EPLBConfig (vllm/config/parallel.py50-90) is a nested config holding the EPLB rebalancing policy, window size, step interval, and number of redundant experts.

Sources: vllm/config/parallel.py50-400

SchedulerConfig

Defined in vllm/config/scheduler.py25 SchedulerConfig governs how the scheduler batches requests and allocates computation across iterations.

Key fields:

Field	Type	Default	Notes
`max_num_batched_tokens`	`int`	`2048`	Max tokens processed per iteration
`max_num_seqs`	`int`	`128`	Max concurrent sequences per iteration
`enable_chunked_prefill`	`bool`	(platform-determined)	Split long prefills across iterations
`max_num_partial_prefills`	`int`	`1`	Max simultaneous chunked prefill requests
`long_prefill_token_threshold`	`int`	—	Tokens above which a prefill is "long"
`policy`	`SchedulerPolicy`	`"fcfs"`	`"fcfs"` or `"priority"`
`async_scheduling`	`bool \| None`	`None`	Overlap scheduling and execution; auto-detected
`scheduler_cls`	`str \| type \| None`	`None`	Custom scheduler class
`stream_interval`	`int`	—	Token streaming granularity
`disable_chunked_mm_input`	`bool`	`False`	Disable chunked multimodal input processing
`disable_hybrid_kv_cache_manager`	`bool \| None`	`None`	Force or disable hybrid KV manager

max_model_len and is_encoder_decoder are InitVar parameters consumed in __post_init__ to set defaults and validate other fields, but are not stored as attributes.

Sources: vllm/config/scheduler.py25-200

AttentionConfig

Defined in vllm/config/attention.py, AttentionConfig is a thin wrapper that selects the attention backend and stores per-layer overrides.

Key fields:

Field	Type	Default	Notes
`backend`	`AttentionBackendEnum \| None`	`None` (auto)	Override attention backend; auto-selected by platform if `None`

Backend auto-selection logic lives in the platform's check_and_update_config() hook.
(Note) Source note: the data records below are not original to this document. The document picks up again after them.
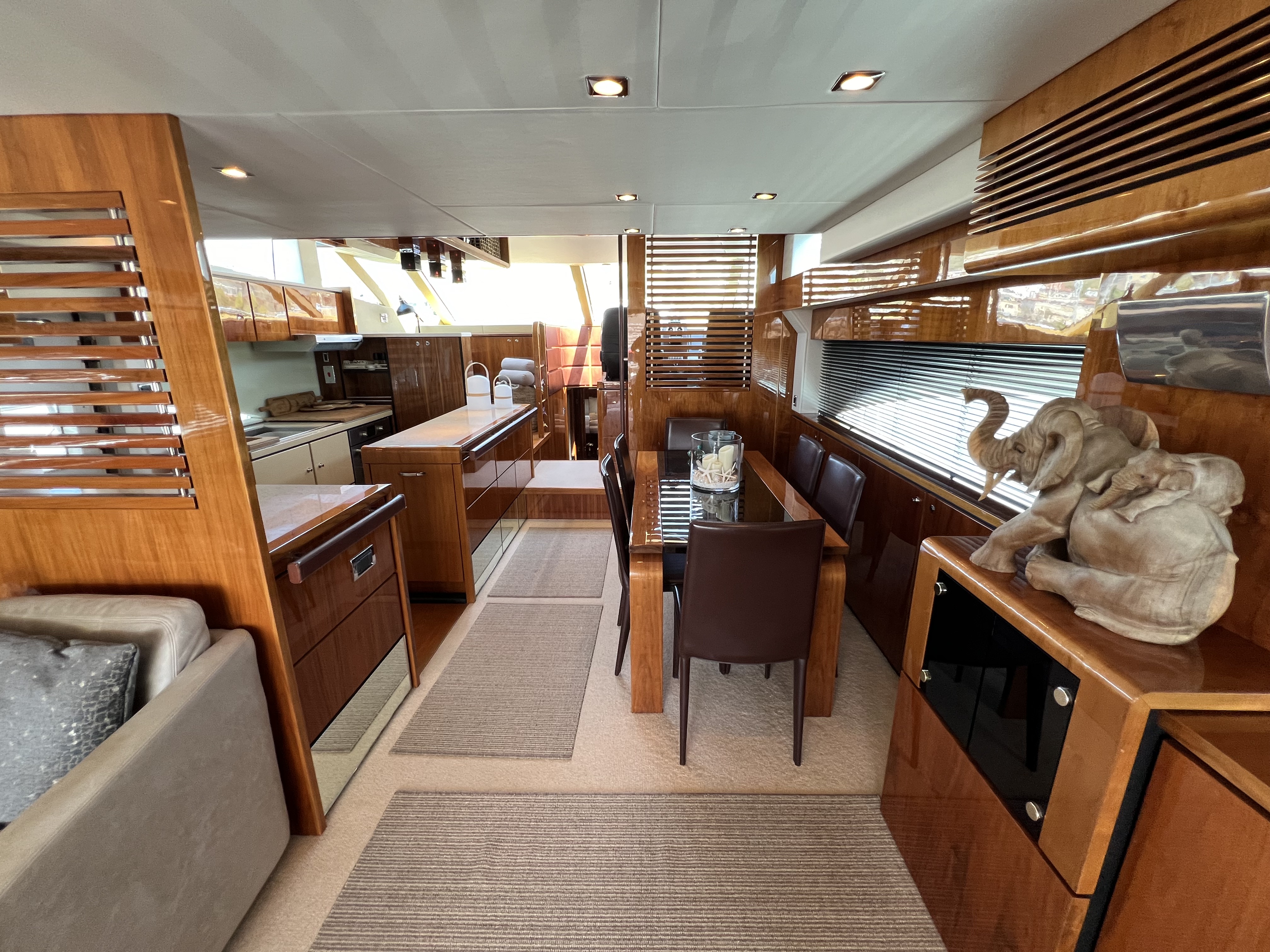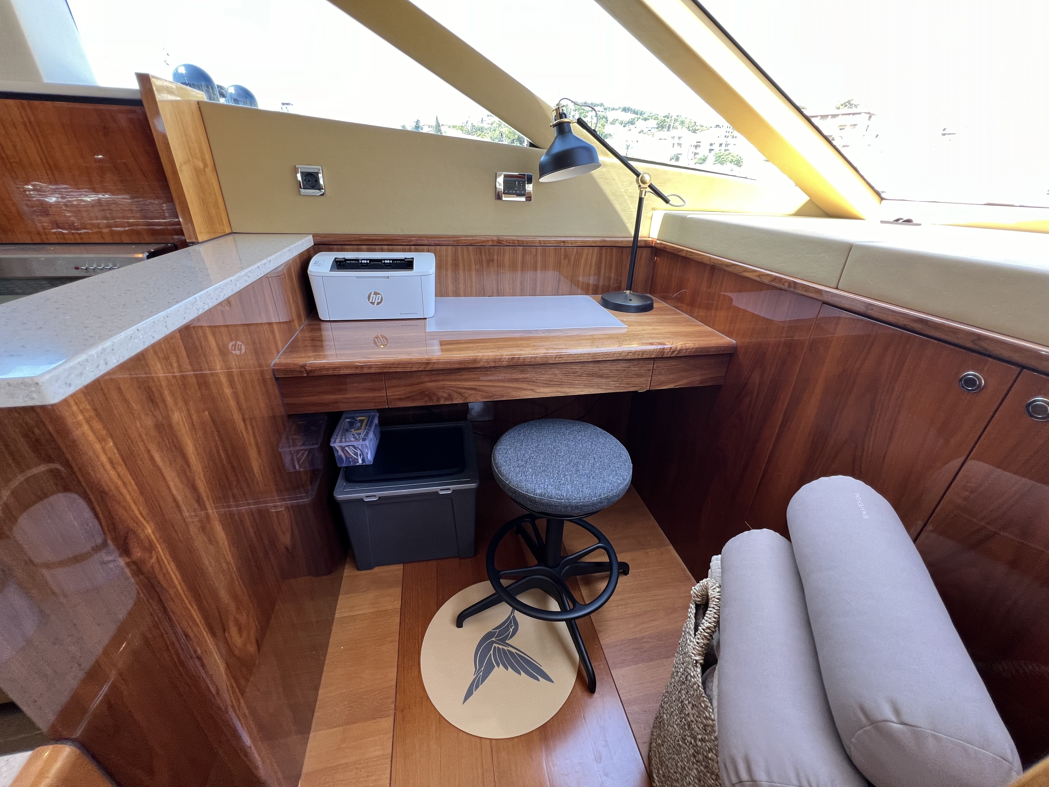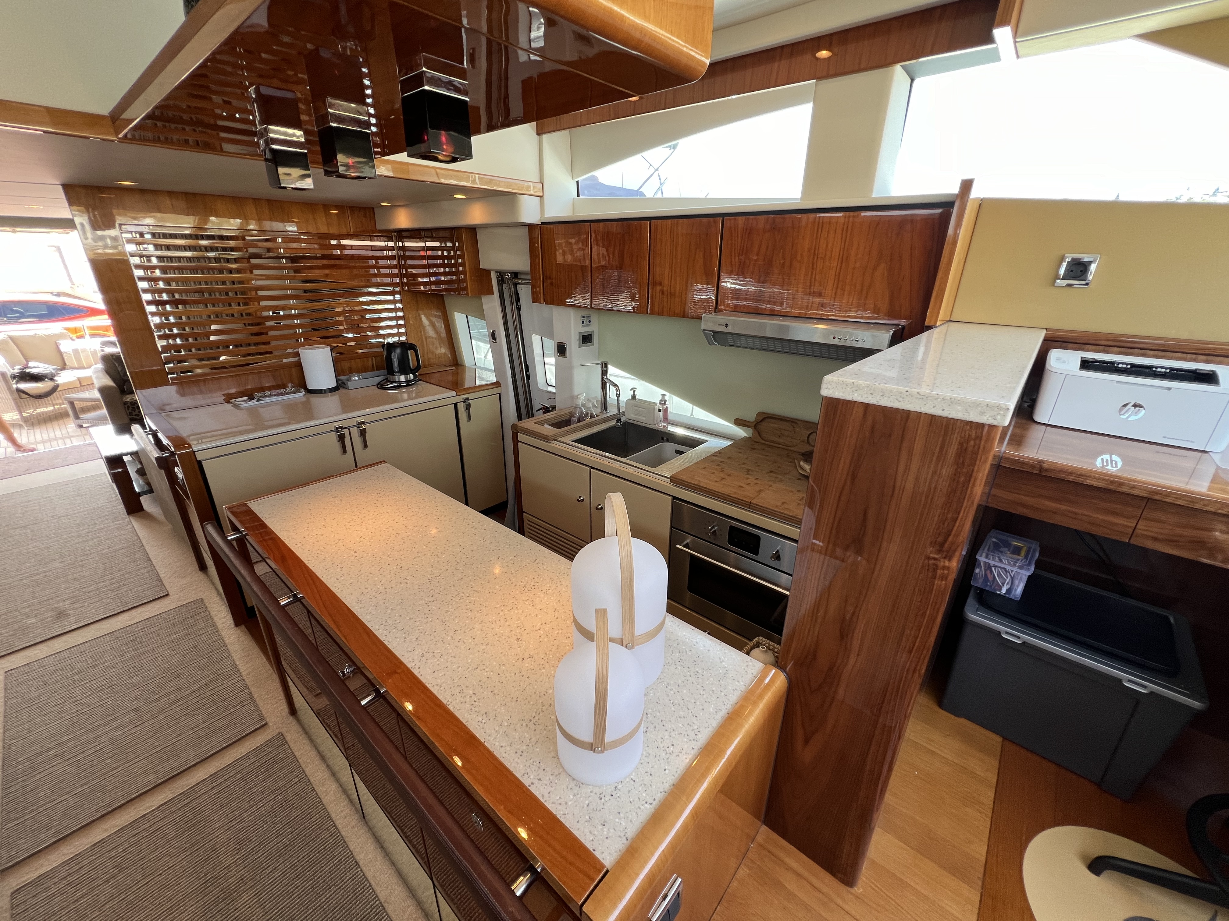 Entry into the saloon from the aft cockpit with central opening patios doors. The salon has a rise and fall Television on the stdb side and large L shaped sofa to the port side. The semi enclosed divide behind the sofa leads to an open plan Galley on the port side which faces the dining table on the stbd side. Forward of this the helm is located on the stdb side and a workstation has been cleverly positioned on the port side forward and above the Galley!
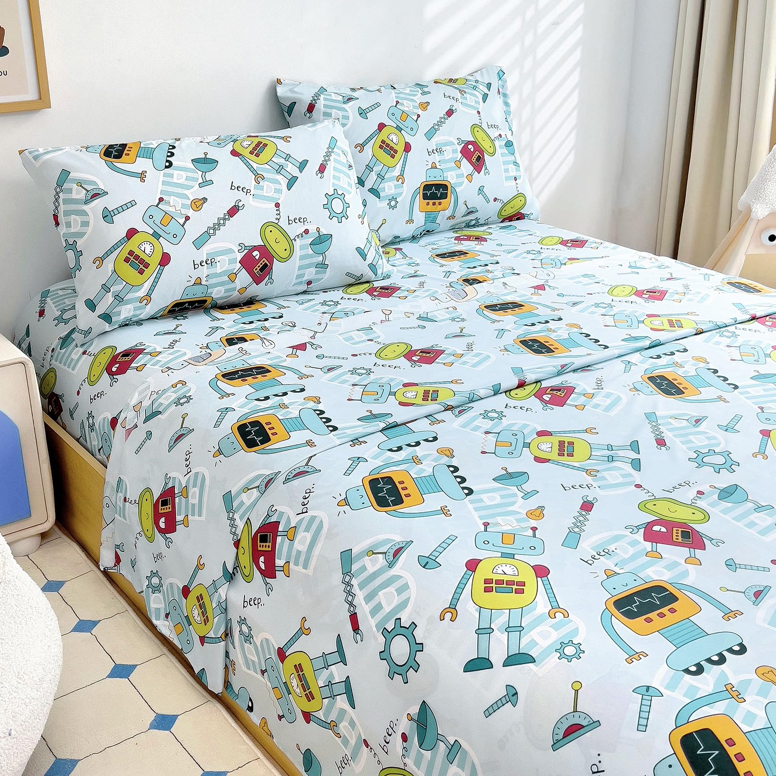 Juego de sábanas tamaño matrimonial para niños, 4 piezas de robot, para niños, niñas, adolescentes, niños pequeños, bolsillos prof
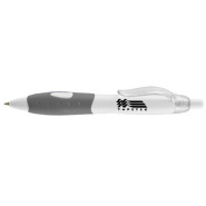Wide profile ball point pen designed with a contoured barrel and grip section highlighted with a clear clip.
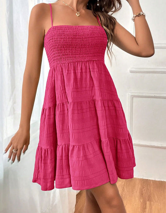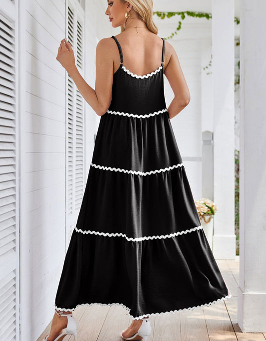 Sleeveless Spaghetti Strap Lace Layered Pocket Dress
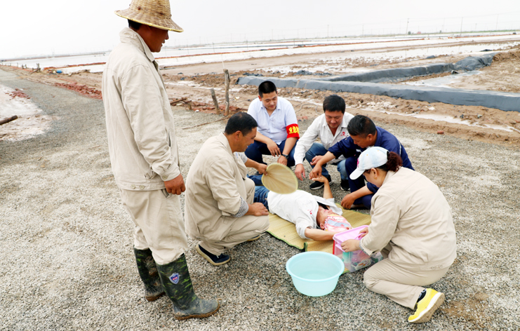 此次演練過程中,安全監(jiān)管部李長軍主持了這次演練活動,埒南制鹽分公司職工及管理人員參與其中,演練模擬現(xiàn)場有三個:1、職工在灘頭塑池堰上突然中暑(重度)。2、職工在廩基小鹽化鹵調(diào)鹵中接觸老化線路接頭時不慎觸電(傷害較重)。3、職工在上班途中三輛電瓶車相撞(跌傷較重)。在救援過程中,大家各司其職,齊心協(xié)力,配合默契,有條不紊成功完成了此次演練活動。通過這次應(yīng)急演練,進一步提高了公司員工應(yīng)對緊急事件的自我保護和防衛(wèi)能力,保證員工在發(fā)生突發(fā)事件時,能熟練應(yīng)對、有序救援,最大限度地減少事故帶來的損害,切實保護員工的安全。
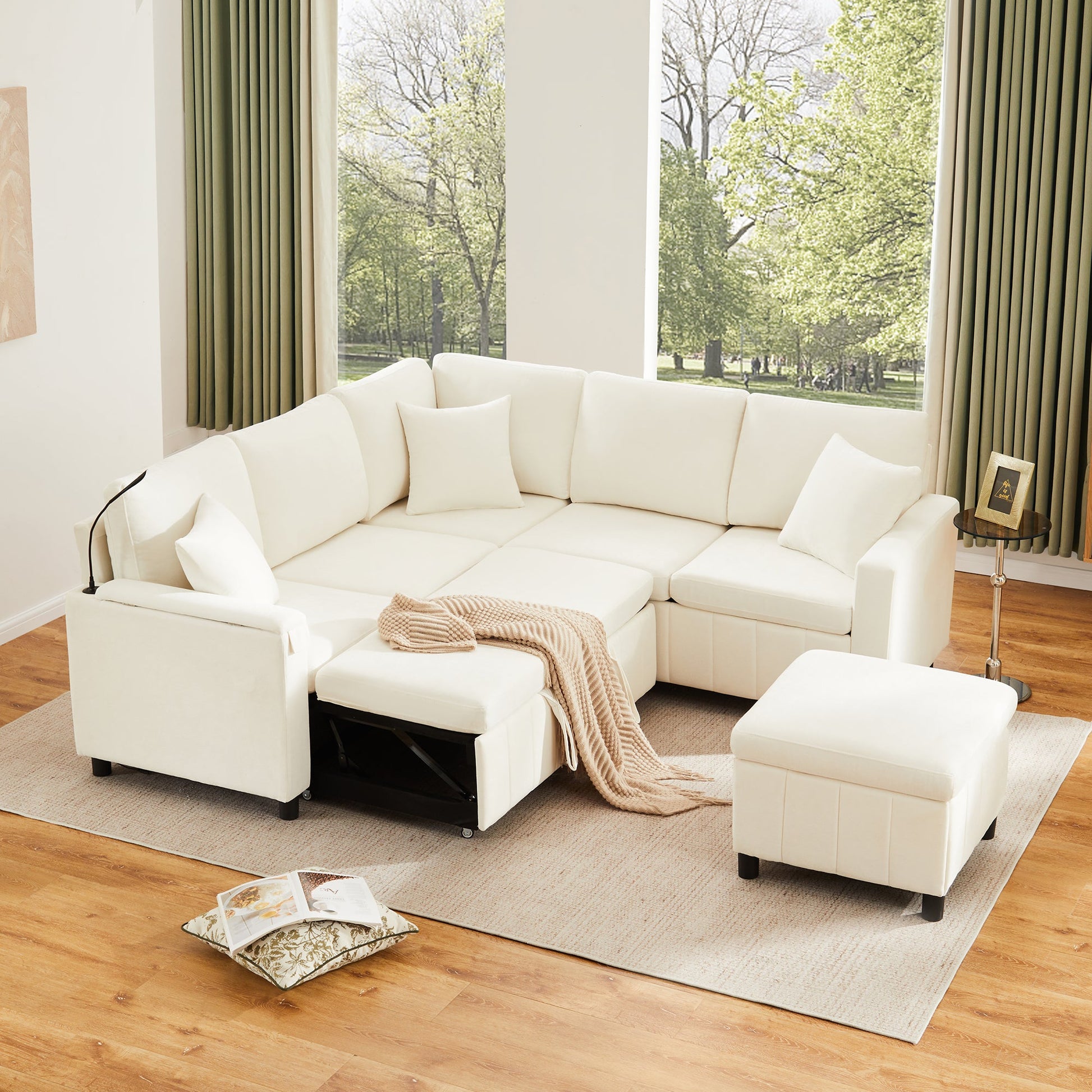 Chenille Corner Sofa Bed with Ottoman and USB Charging, Beige
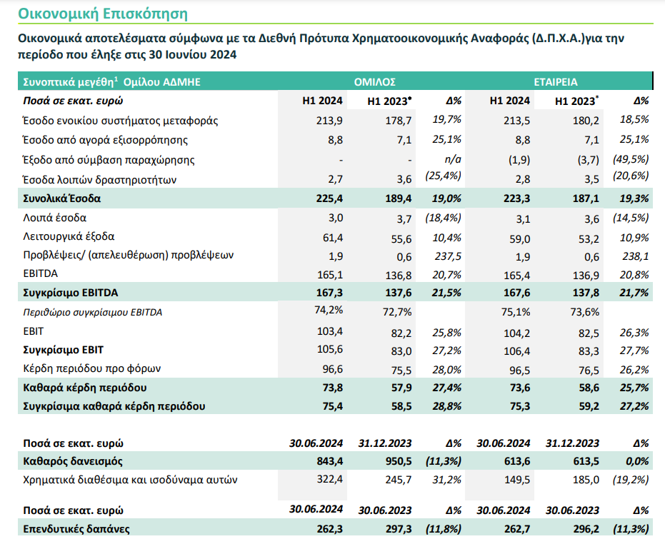- Το ενοποιημένο EBIT ανήλθε σε 103,4 εκατ. ευρώ το α’ εξάμηνο 2024, έναντι 82,2 εκατ. ευρώ την αντίστοιχη περίοδο του 2023, αυξημένο κατά 25,8%. με τις αποσβέσεις να αυξάνονται κατά 12,9% στα 61,7 εκατ. ευρώ, γεγονός που οφείλεται στις παγιοποιήσεις έργων που ολοκληρώθηκαν το 2023 και στις προσθήκες παγίων.
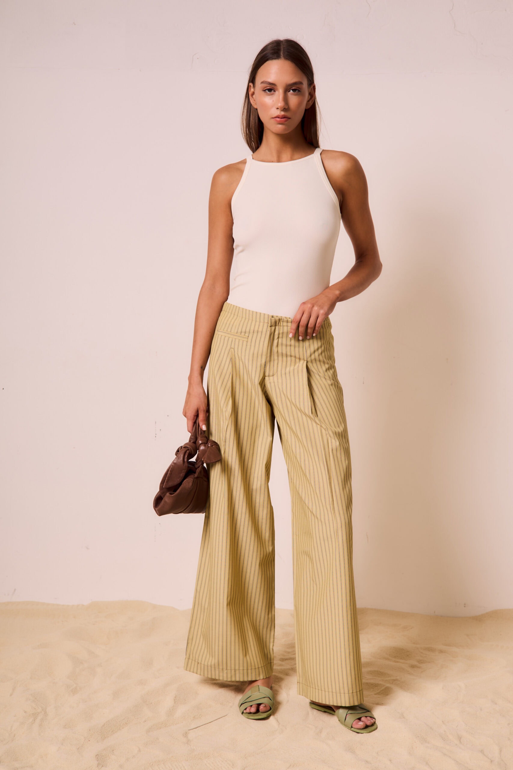 La modelo está usando talle S color Natural
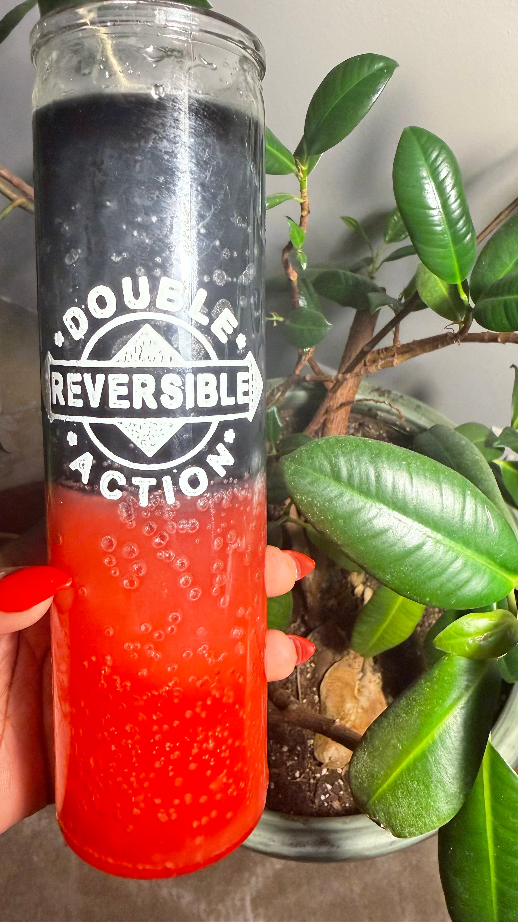 This double action candle is divided into two powerful halves — black and red, each carrying its own spiritual charge.
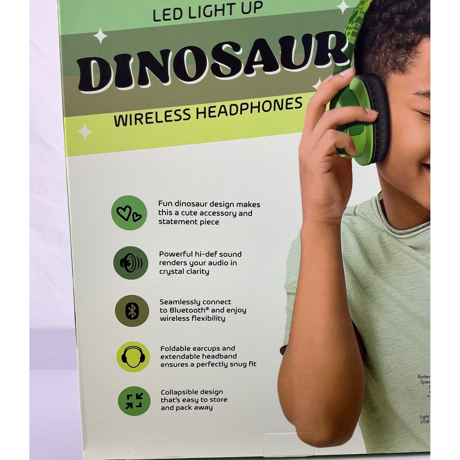 Art Sound LED Light Up Dinosaur Wireless Headphones Bluetooth Green Kids

The resolved backend enum (AttentionBackendEnum) is defined in vllm/v1/attention/backends/registry.py For full backend documentation, see 8.1.

Sources: vllm/engine/arg_utils.py578 vllm/config/vllm.py270-271

CompilationConfig

Defined in vllm/config/compilation.py336 CompilationConfig controls all torch.compile and CUDA graph capture behavior. It is covered in depth in 2.4; this section summarizes the most commonly used fields.

Key fields:

Field	Type	Default	Notes
`mode`	`CompilationMode`	`None` (→ `VLLM_COMPILE` for V1)	`NONE`, `STOCK_TORCH_COMPILE`, `DYNAMO_TRACE_ONCE`, `VLLM_COMPILE`
`cudagraph_mode`	`CUDAGraphMode`	`None` (→ `FULL_AND_PIECEWISE`)	`NONE`, `PIECEWISE`, `FULL`, `FULL_AND_PIECEWISE`, `FULL_DECODE_ONLY`
`cudagraph_capture_sizes`	`list[int] \| None`	`None` (auto)	Explicit batch sizes to capture CUDA graphs for
`max_cudagraph_capture_size`	`int \| None`	`None`	Upper bound for auto-generated capture sizes
`custom_ops`	`list[str]`	`[]`	Enable/disable specific custom ops (`"+op"` / `"-op"`)
`splitting_ops`	`list[str] \| None`	`None`	Ops used to split the graph for piecewise compilation
`backend`	`str`	`""` (→ `"inductor"`)	Inductor backend or qualified name
`pass_config`	`PassConfig`	`PassConfig()`	Per-pass fusion flags
`cache_dir`	`str`	`""` (auto)	Directory for compiled artifact cache
`compile_mm_encoder`	`bool`	`False`	Compile multimodal encoder as well

PassConfig (vllm/config/compilation.py101-270) exposes fine-grained flags like fuse_norm_quant, fuse_act_quant, fuse_allreduce_rms, enable_sp, and fuse_gemm_comms.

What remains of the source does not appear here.